Retype every line from the start of the data down to and including the line with "Akuamarin ve lab". Skip the pictures.

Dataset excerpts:
----------------

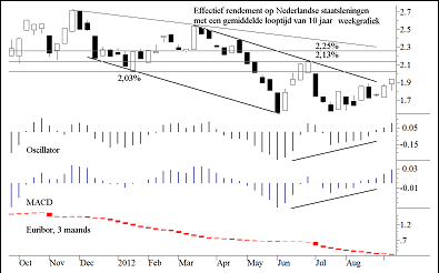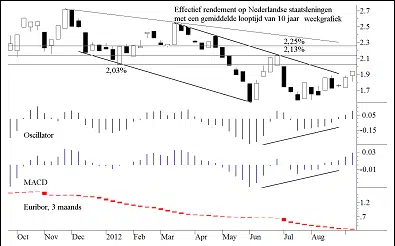 In juli van dit jaar werd er een hogere bodem gezet binnen een dalend kanaal. Vorige week is de rente aan de bovenzijde uit dit kanaal gebroken en hij is op weg naar de dalende trendlijn, die nu uitkomt op ongeveer 2,25% De Momentum Analyse daaronder is stijgende en divergeert positief. Het technische beeld wijst dus inderdaad op een verdere stijging maar men moet zich afvragen of de zojuist aangekondigde QE3 niet een (voorlopige?) rem zal zetten op een verdere stijging. Zoals altijd het geval is in de technische analyse wachten wij op een confirmatie van de uitbraak.
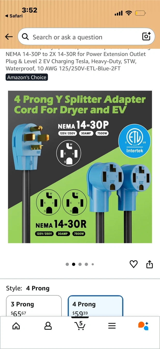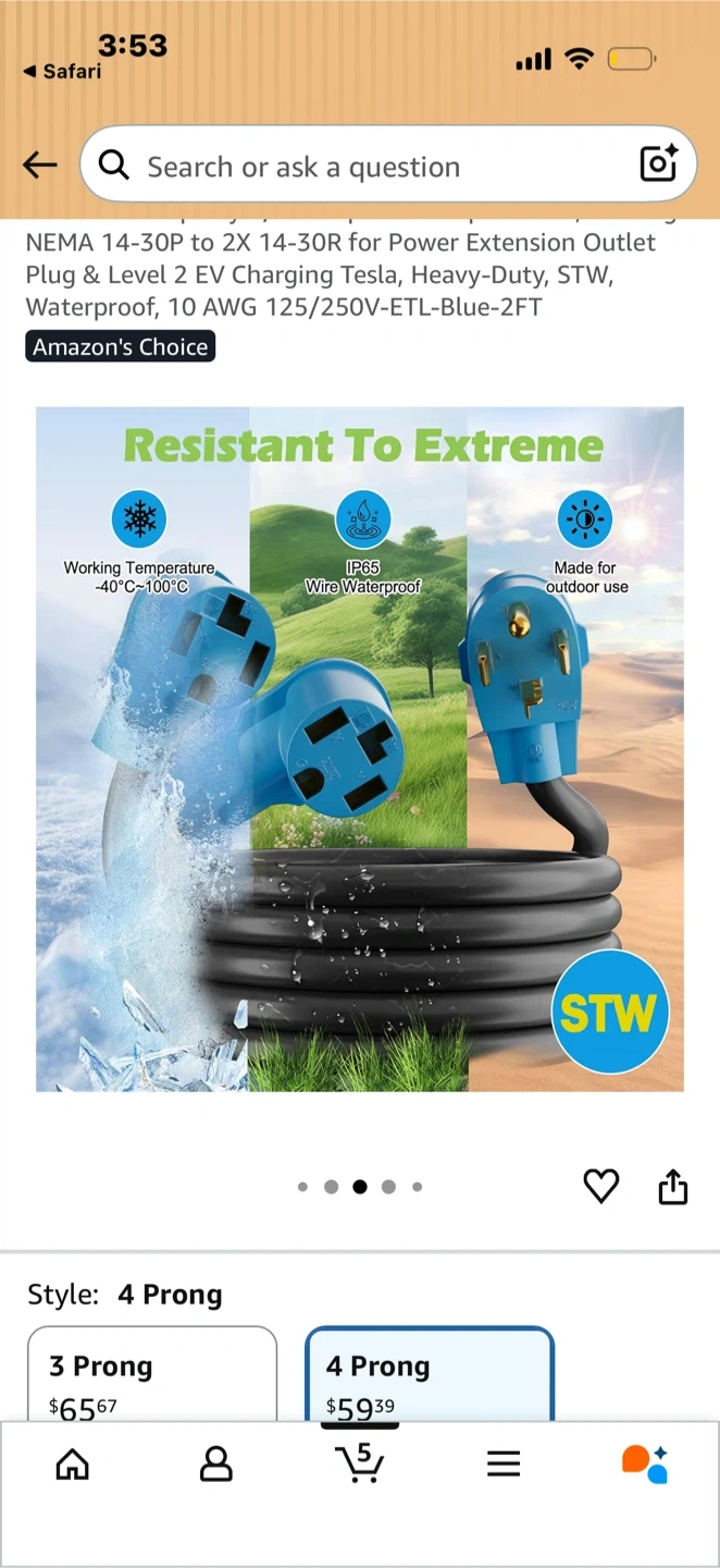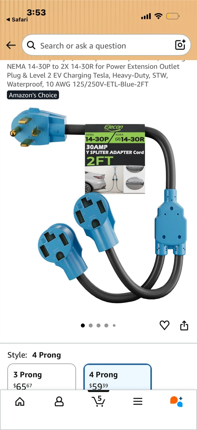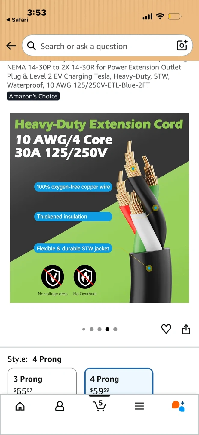 This is a NEMA 14-30P to 2x 14-30R Y splitter adapter cord. It's 2 feet long and made with 10 AWG STW wire. This cord is heavy-duty and waterproof. It's designed for power extension and EV charging.
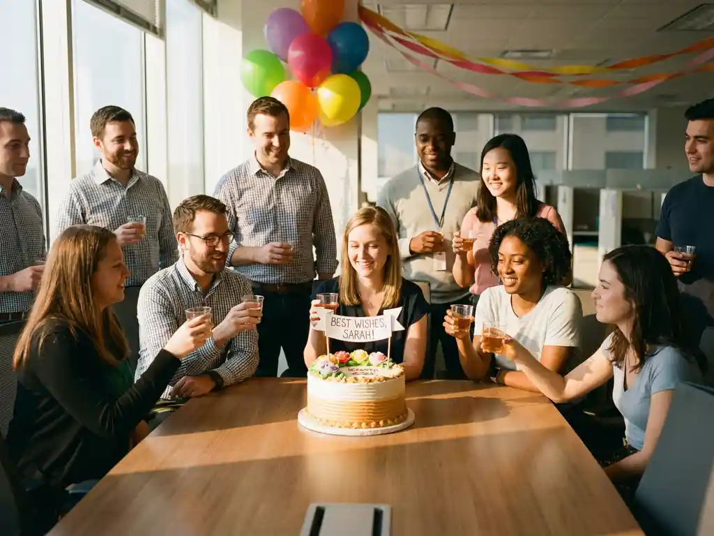 Collega's vieren afscheid rond versierde taart op kantoor met ballonnen en champagne in warm zonlicht
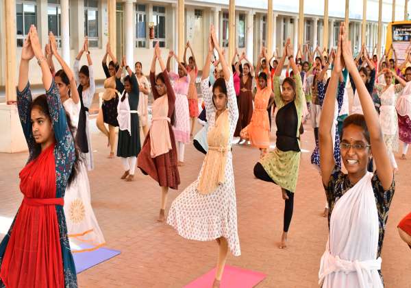 உலக யோகா தினத்தை முன்னிட்டு திருப்பூர், குமரன் மகளிர் கல்லூரியில் யோகா பயிற்சி செய்த மாணவியர்.
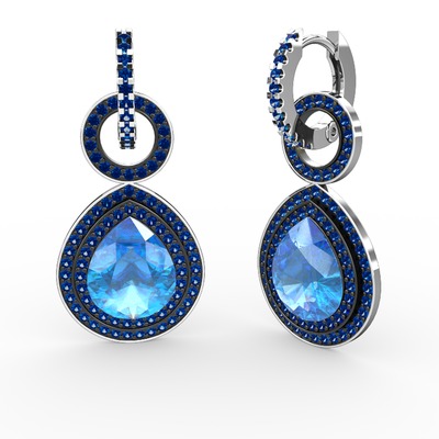 Akuamarin ve lab safir 18 ayar beyaz altın küpe
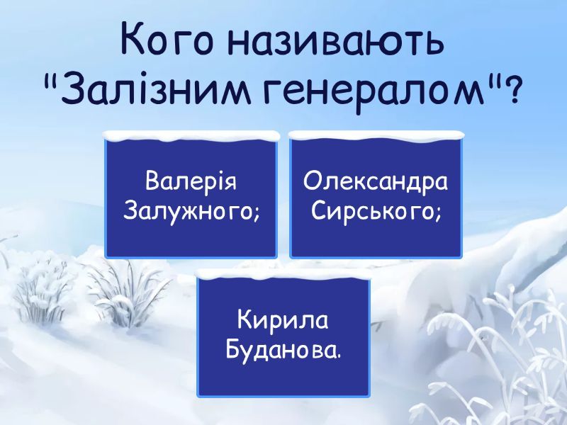 1) Кого називають "Залізним генералом"? a) Валерія Залужного; b) Олександра Сирського; c) Кирила Буданова. 2) Скільки прикордонників захищали острів Зміїний? a) 13; b) 7; c) 3. 3) Хто зробив фразу «Доброго вечора, ми з України!» популярною та відомою не тільки в Україні, а й у всьому світі? a) Володимир Зеленський; b) Віталій Кім; c) Сергій Притула. 4) Скільки героїв віднесено до «Небесної сотні»? a) 100; b) 107; c) 113. 5) Які три основні види військ входять до складу Збройних Сил України? a) Артилерія, Танкові війська, Піхота;  b) Національна гвардія, Прикордонна служба, Служба безпеки; c) Сухопутні війська, Повітряні Сили, Військово-Морські Сили. 6) Як називають військових, що захищають небо України? a) Артилеристи; b) ППО; c) Інженери. 7) В який день в Україні відзначається День Збройних Сил України? a) 24 серпня; b) 14 жовтня; c) 6 грудня. 8) Який елемент, що походить від символіки Запорізької Січі, є центральним на емблемі Збройних Сил України? a) Шабля; b) Козацький хрест; c) Тризуб. 9) Яке відоме вітання стало офіційним у Збройних Силах України? a) Слава Україні! Героям Слава! b) Честь маю! c) Доброго ранку!  10) Як називається військовий службовець (священник), який здійснює душпастирську опіку та релігійну підтримку військовослужбовців ЗСУ? a) Військовий психолог; b) Військовий прокурор; c) Військовий капелан.
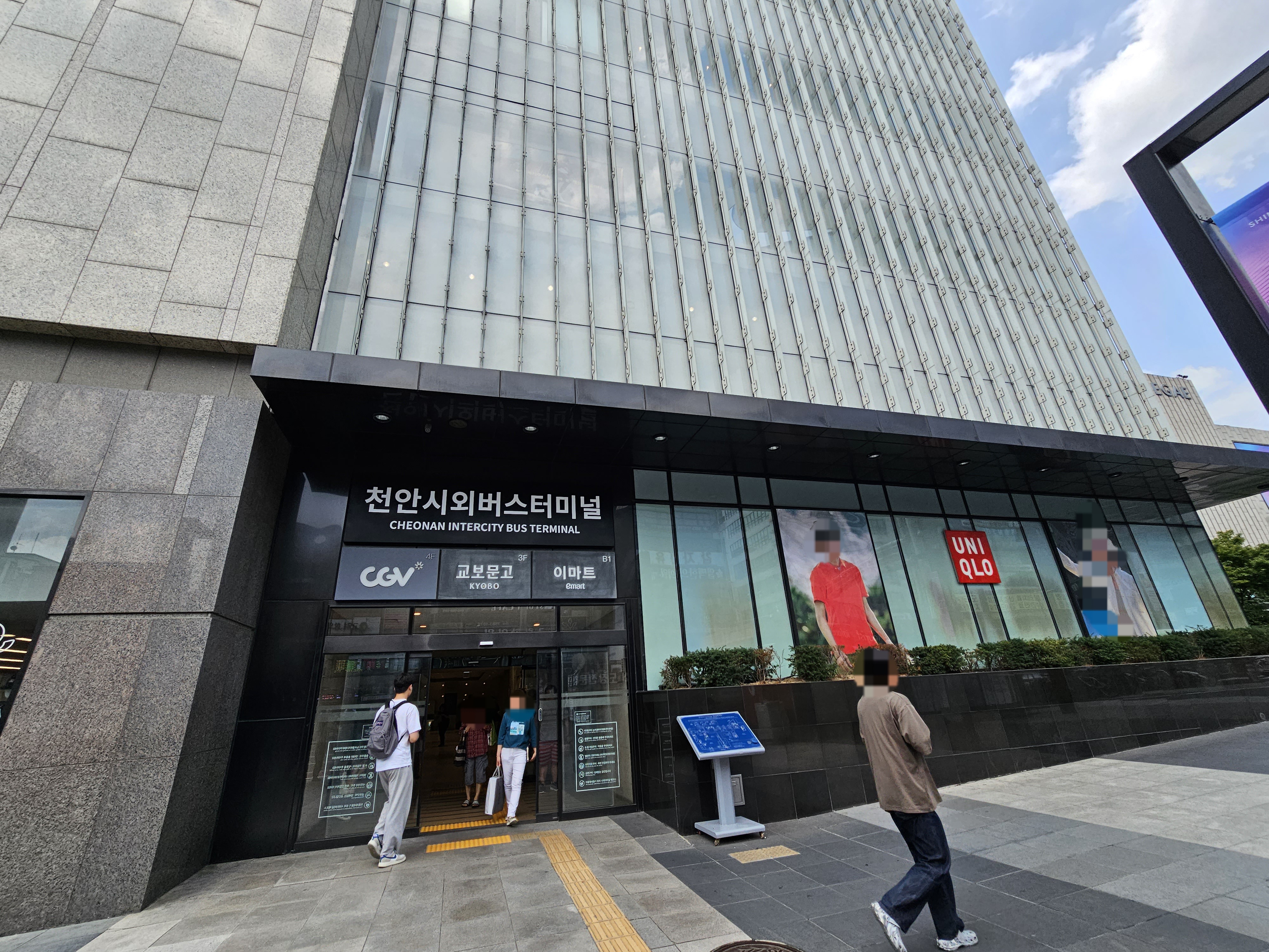 천안버스터미널은 신세계 백화점 왼쪽건물에 별도로 운영중인 고속버스터미널과 신세계 백화점 지하1층인 시외버스터미널로 분리되어 운영되고 있다.
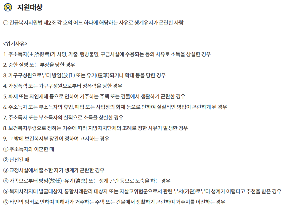 긴급 복지 생계 지원대상은 안내해 둔 위기 사유 중 어느 하나에 해당하는 사유로 생계유지가 곤란한 사람이 대상입니다.
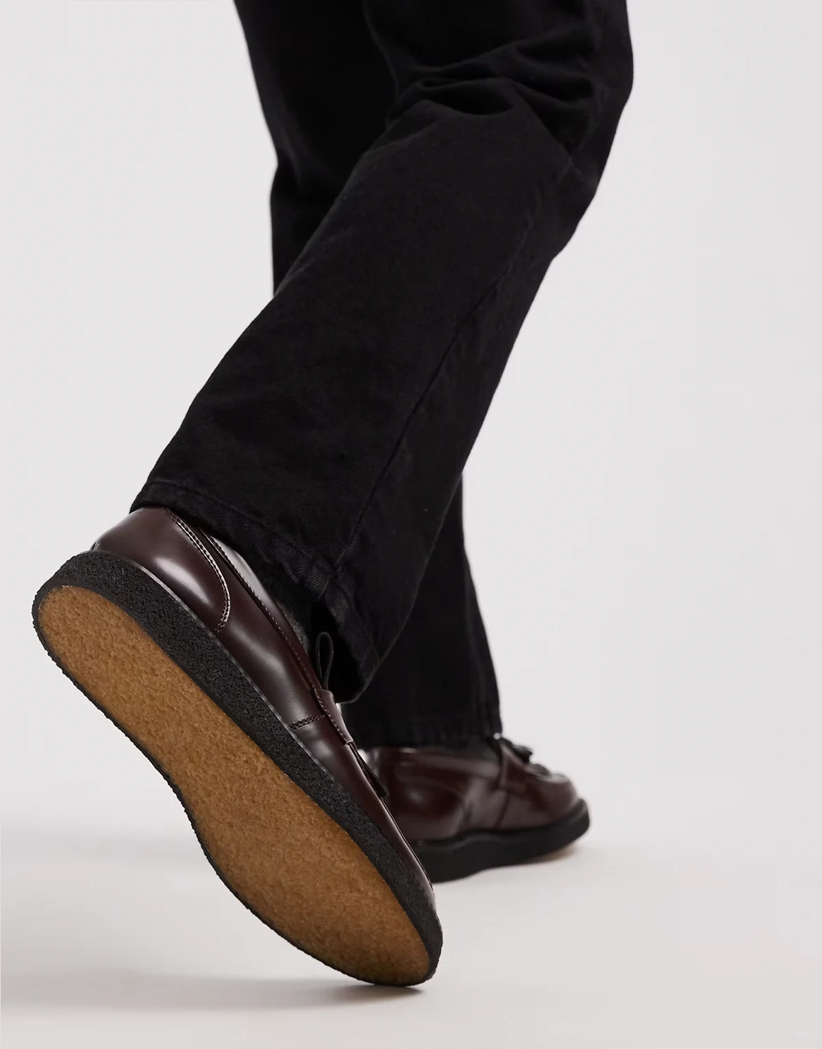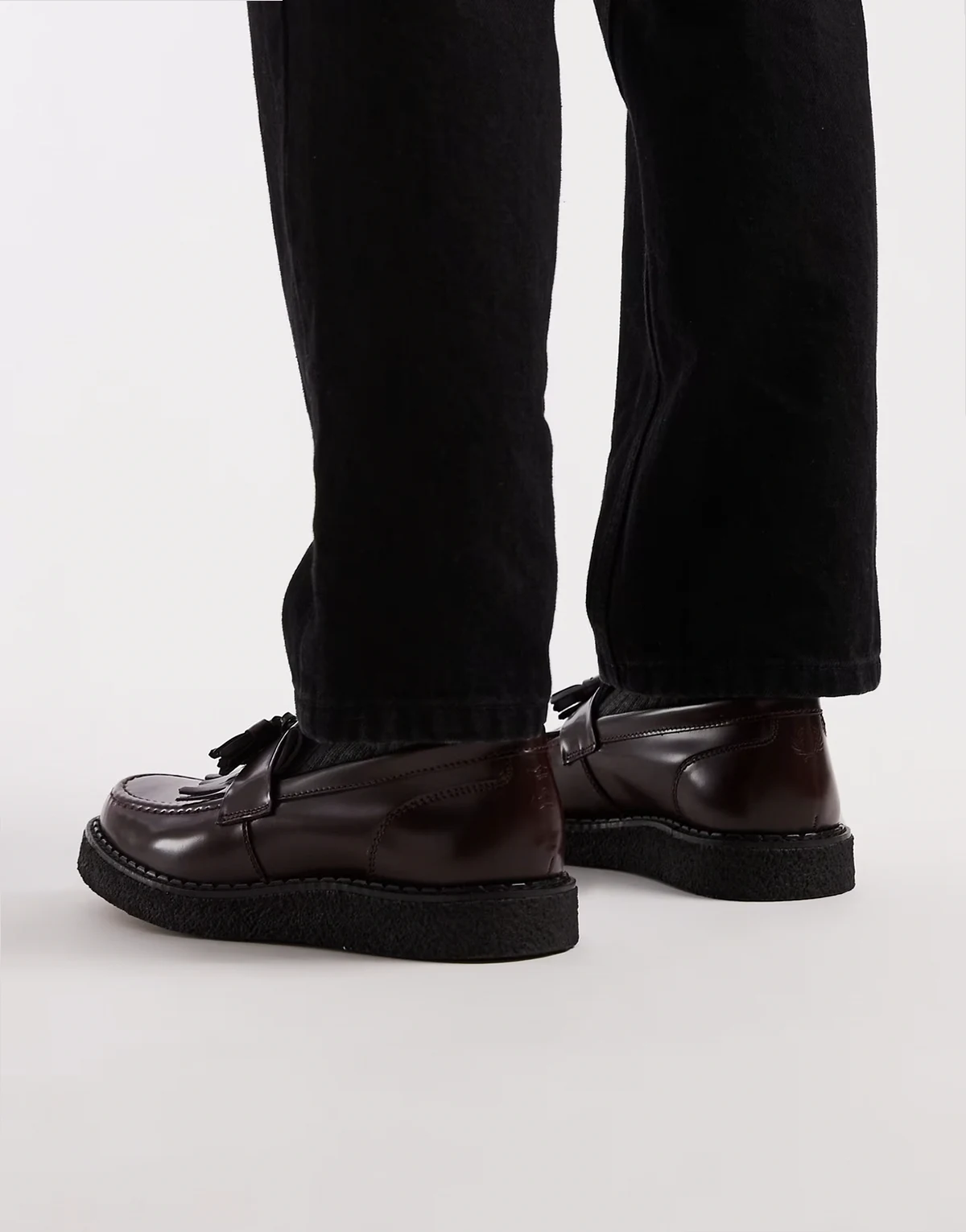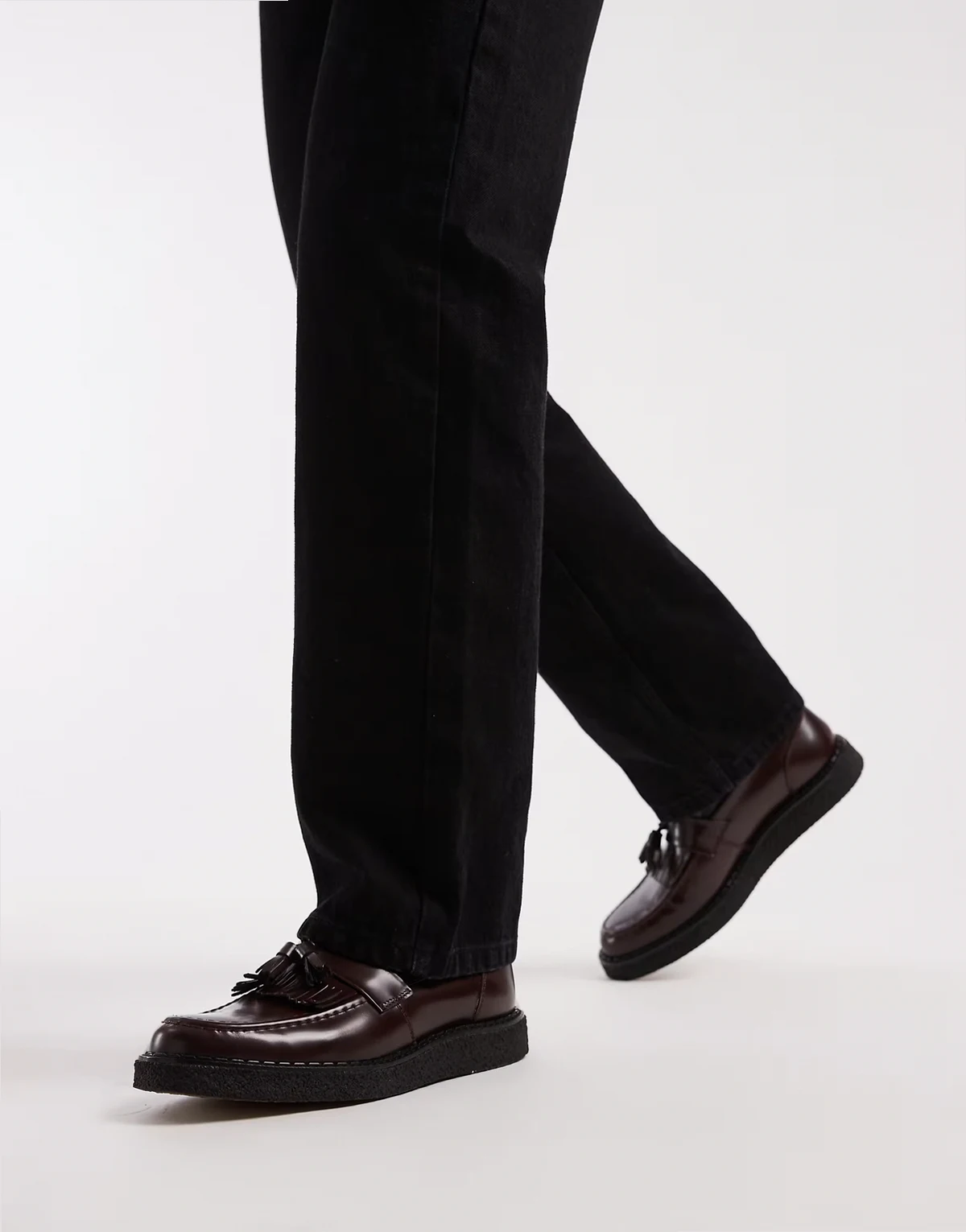 4. x George Cox – Bordowe skórzane loafersy z frędzlami

----------------

*RESULT FOR THIS EXERCISE*:
 In juli van dit jaar werd er een hogere bodem gezet binnen een dalend kanaal. Vorige week is de rente aan de bovenzijde uit dit kanaal gebroken en hij is op weg naar de dalende trendlijn, die nu uitkomt op ongeveer 2,25% De Momentum Analyse daaronder is stijgende en divergeert positief. Het technische beeld wijst dus inderdaad op een verdere stijging maar men moet zich afvragen of de zojuist aangekondigde QE3 niet een (voorlopige?) rem zal zetten op een verdere stijging. Zoals altijd het geval is in de technische analyse wachten wij op een confirmatie van de uitbraak.
 This is a NEMA 14-30P to 2x 14-30R Y splitter adapter cord. It's 2 feet long and made with 10 AWG STW wire. This cord is heavy-duty and waterproof. It's designed for power extension and EV charging.
 Collega's vieren afscheid rond versierde taart op kantoor met ballonnen en champagne in warm zonlicht
 உலக யோகா தினத்தை முன்னிட்டு திருப்பூர், குமரன் மகளிர் கல்லூரியில் யோகா பயிற்சி செய்த மாணவியர்.
 Akuamarin ve lab safir 18 ayar beyaz altın küpe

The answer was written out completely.